Tangsel – Gagalnya keberangkatan jamaah haji furoda tahun ini menimbulkan kekecewaan mendalam bagi calon jamaah. Meski demikian, Komnas Haji menegaskan bahwa tidak terbitnya visa furoda 1446 H/2025 M bukan merupakan tanggung jawab pemerintah atau Kementerian Agama, melainkan murni persoalan bisnis antara pihak travel dan jamaah.
Pernyataan ini disampaikan oleh Ketua Komnas Haji, Mustolih Siradj, di Ciputat pada Jumat (30/5/2025). Ia menjelaskan bahwa visa furoda atau visa mujamalah sepenuhnya merupakan kuota non-pemerintah yang diterbitkan oleh otoritas Arab Saudi di luar pembagian resmi 98 persen haji reguler dan 8 persen haji khusus.
“Dalam kaitan pengurusan haji furoda, ini murni menjadi urusan antara pihak travel dengan jamaahnya sebagai kegiatan bisnis murni,” ujar Mustolih.
Ia juga menegaskan bahwa dalam UU Nomor 8 Tahun 2019 tentang Penyelenggaraan Ibadah Haji dan Umrah, pemerintah hanya bertanggung jawab terhadap jamaah dalam kuota resmi yang diatur dan dijamin standar pelayanannya.

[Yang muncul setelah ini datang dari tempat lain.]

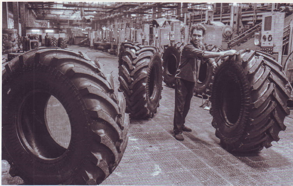
Шины повышенной ходимости для тракторов Т-150К в Нижнекамске. 1977 г.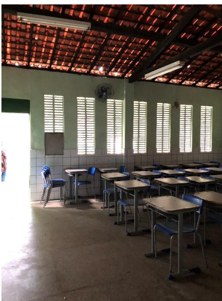
Foto 10: salas de aula sem climatização e com circuitos elétricos defeituosos.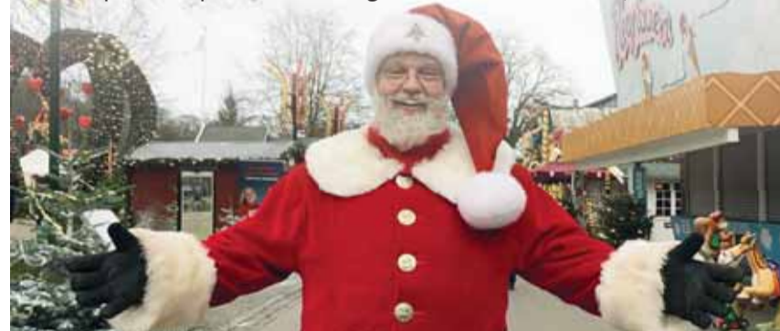
Si vous voulez rencontrer le Père Noël, rendez-vous à Bakken.

- Un jour, un certain Cliff Richard a légué un arbre à la ville d'Aalborg, au terme d'un concert. Depuis, d'innombrables artistes lui ont emboîté le pas... Tant et si bien qu'aujourd'hui, plus de 70 de ces végétaux diffusent des chansons de ceux qui les ont plantés, dont Sting, Stevie Wonder ou Elton John.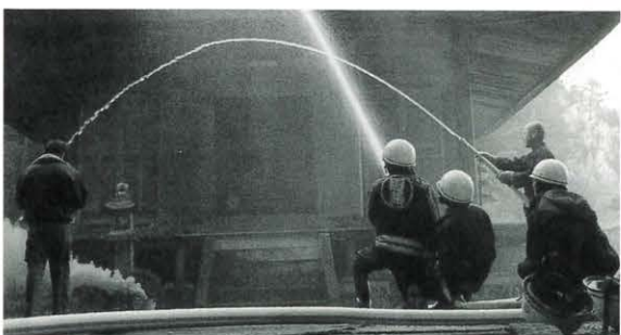
1月26日 金林寺防火訓練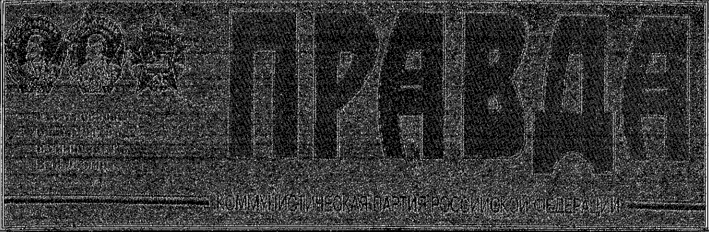
NOVEMBERMÁNAHAGANNAÐIÐ: ÞÓÐANOKUR ÚR ÞEÐIÞIÐIÐ

3. TÖLUBLAÐ 30. Nóv. 1999 MÁLGAGN STJÓRMÁLAFRÆÐINEMA GÓÐUR ÁRGANGUR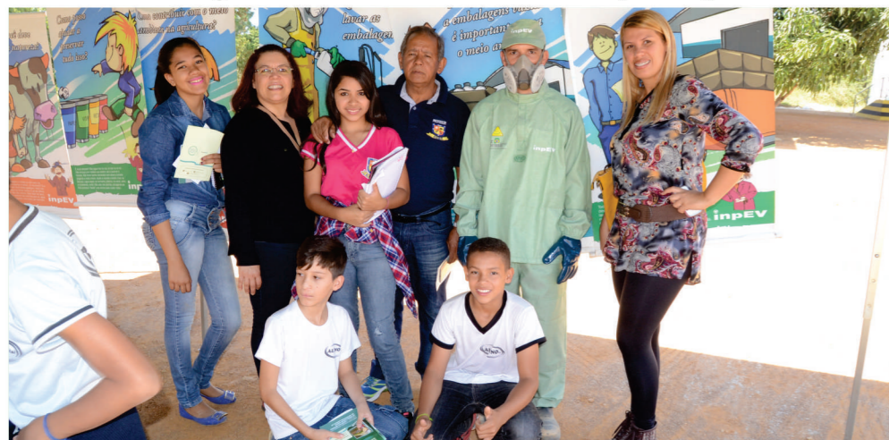
Alunos do CEBC visitam a Associação dos Revendedores de Agrotóxicos do Sudoeste (ARAS)

No dia 26/05 (quinta-feira), com o apoio da SEMED, alunos do 7º ano D do matutino do CEBC fizeram uma visita a indústria de reciclagem ARAS de Vitória da conquista. O objetivo da visita a Usina de Reciclagem é para conhecer o manejo dos resíduos sólidos da nossa região. Essa iniciativa visa à percepção dos alunos quanto a problemática do lixo, pois apenas conhecendo a realidade é que vamos percebendo a importância de colaborar, mudando os nossos hábitos.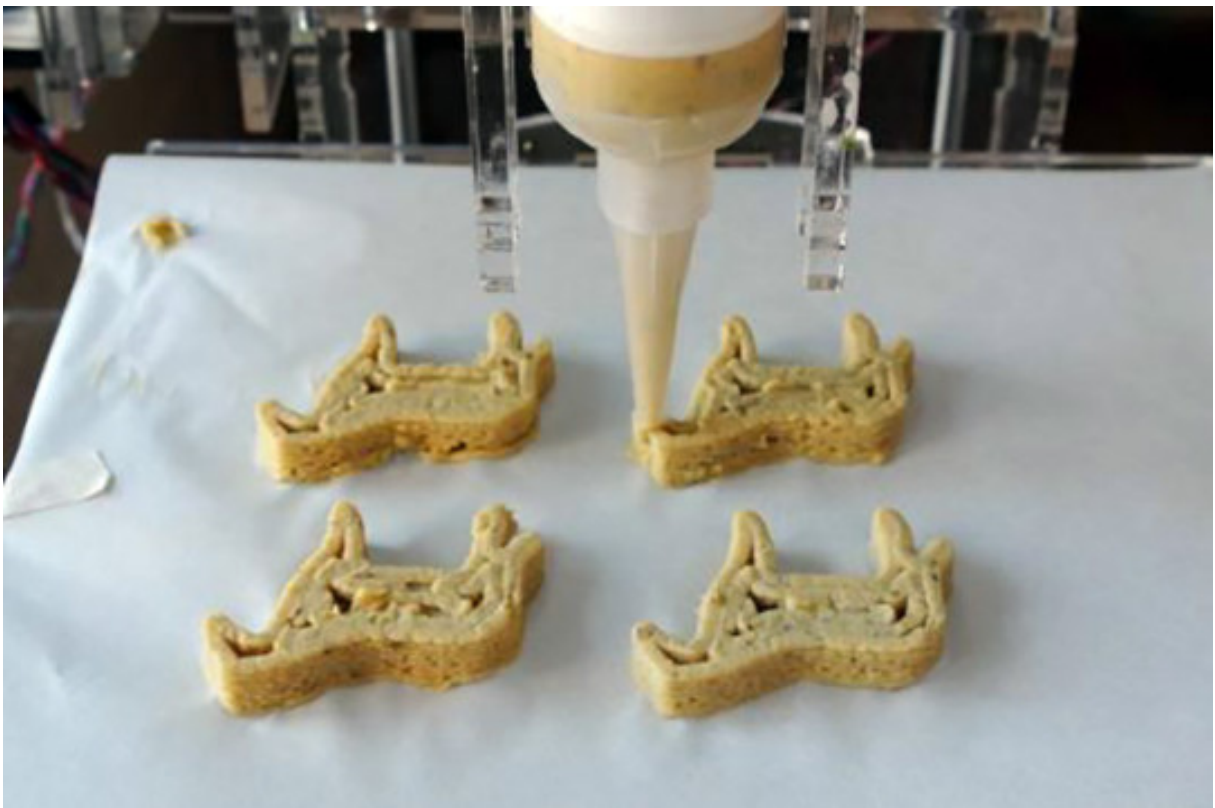
Koekjes geprint met de Foodini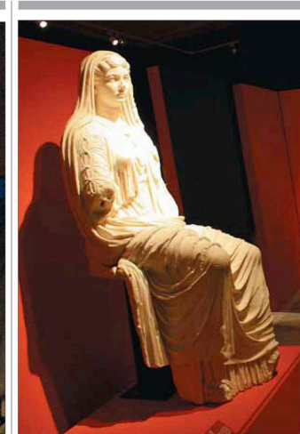
Escultura de Livia, tercera esposa d'August i mare de Tiberi, representada com una Juno capitolina

Una exposició d'escultura clàssica mostra detalls com els hàbits de perruqueria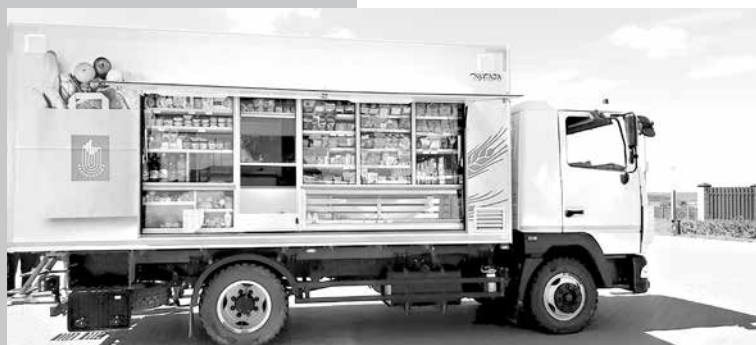
Каждый автомагазин ежедневно проезжает в среднем около 170 км

Значительная часть торговых объектов Белкоопсоюза (69 процентов) расположена в сельской местности, 549 автомагазинов обслуживают 14,8 тысячи деревень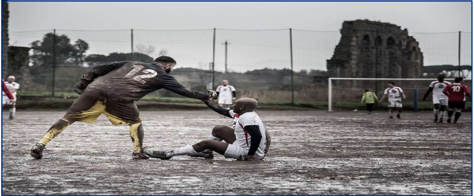
Equipo: Atletico Diritti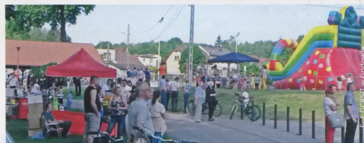
Rodzinna Majówka w Godowie (więcej na str. 5)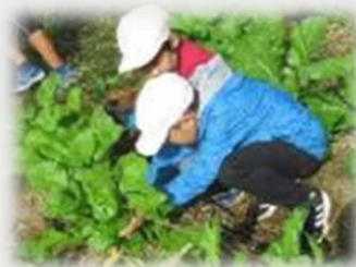
野沢菜収穫・漬物作り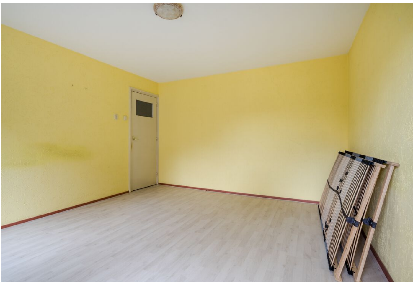
Robbenstraat 10, Eindhoven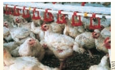
La zone abreuvoir se caractérise par sa teneur importante en humidité

Pour les volailles de chair, les systèmes de goutte à goutte sont fixés sur un tube d'alimentation suspendu dans le bâtiment. La hauteur par rapport au sol varie selon la taille des animaux. Pour l'alimentation en eau de la volaille lourde d'élevage et d'engraissement, comme par exemple les dindes, il est possible d'utiliser des abreuvoirs ronds automatiques, en version suspendue ou posés au sol, équipés de valves pour réguler précisément le niveau d'eau afin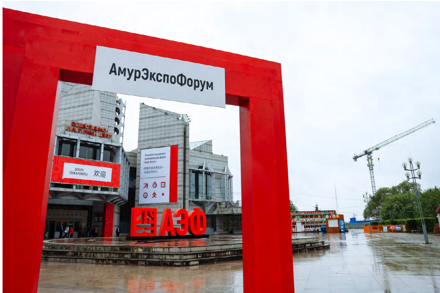
Продолжение. Начало на стр. 6

На пленарной сессии губернатор Приамурья Василий Орлов обсудил потенциал области в плане международного сотрудничества с помощником президента России Максимом Орешкиным и министром страны по развитию ДВ и Арктики Алексеем Чекунковым.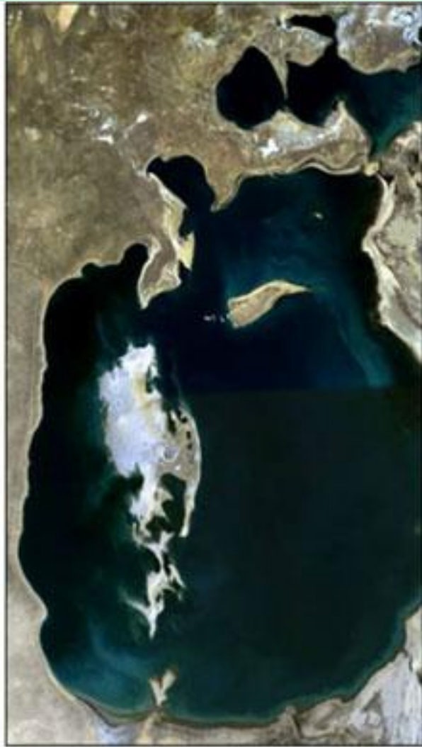
July – September, 1989

Masalah ketidakterbitan visa furoda ini memicu wacana revisi UU PIHU, agar syarat, mekanisme, dan standar pelayanan untuk jalur ini dapat diatur lebih rinci. Tujuannya adalah untuk melindungi jamaah dari risiko kerugian, baik secara material maupun imaterial.
Mustolih mengkritisi banyaknya travel yang mengiklankan program haji furoda dengan janji-janji manis, seperti tanpa antrean dan bisa langsung berangkat, namun tidak menjelaskan potensi risiko besar termasuk batal berangkat. Harga yang ditawarkan juga sangat tinggi, berkisar ratusan juta hingga miliaran rupiah.
“Sayangnya janji tersebut tidak disertai informasi yang transparan, padahal kebijakan visa Arab Saudi sangat dinamis dan bisa berubah sewaktu-waktu,” katanya.
Ia juga menyarankan agar penyelesaian antara travel dan calon jamaah dilakukan secara musyawarah, termasuk opsi refund penuh, penjadwalan ulang, atau pengalihan ke kuota haji khusus.
Beberapa travel resmi diketahui sudah menawarkan pengembalian dana 100 persen kepada jamaahnya sebagai bentuk tanggung jawab sekaligus menjaga reputasi mereka di Indonesia dan Arab Saudi.
Langkah ini dipandang penting dalam menjaga kepercayaan publik, serta menciptakan persaingan yang sehat di antara travel dan menekan pergerakan travel ilegal.